Factorizing the quadratic equation:
$(10k - 1)(k + 1) = 0$.
This gives the roots $k = 0.1$ or $k = -1$.
Since $k$ must be a positive constant, we reject $k = -1$. Thus, $k = 0.1$.

(b) Substituting $k = 0.1$ into the probability distribution table:
$P(X = 1) = 10(0.1)^2 = 0.1$
$P(X = 2) = 8(0.1) = 0.8$
$P(X = 3) = 0.1$

Now, compute $\text{E}(X)$:
$\text{E}(X) = \sum x P(X = x) = 1(0.1) + 2(0.8) + 3(0.1)$
$\text{E}(X) = 0.1 + 1.6 + 0.3 = 2.0$.

Marking scheme

(a) M1 for equating the sum of probabilities to 1.
A1 for factorizing the quadratic correctly to find the roots $k = 0.1$ and $k = -1$.
A1 for choosing $k = 0.1$ and explicitly rejecting $k = -1$ because $k > 0$.
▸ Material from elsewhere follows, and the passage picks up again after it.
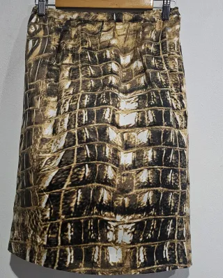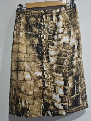 Falda con un llamativo estampado que imita la textura de la piel de cocodrilo. - Diseño único y original. - Tonos marrones y beige. - Abertura lateral con cremallera escondida. - Cintura elástica. - Con forro. Cintura 34 cm, largo 60 cm

(b) M1 for applying the expected value formula $\text{E}(X) = \sum x P(X=x)$.
A1 for the correct final answer of $2$.

Question 6 · Short Answer

6 marks

Let $f(x) = \frac{e^x}{e^x + 3}$ for $x \in \mathbb{R}$.

(a) Show that the derivative of $\ln(e^x + 3)$ is $f(x)$.

(b) Find the exact area of the region bounded by the curve $y = f(x)$, the $x$-axis, and the vertical lines $x = 0$ and $x = \ln 2$.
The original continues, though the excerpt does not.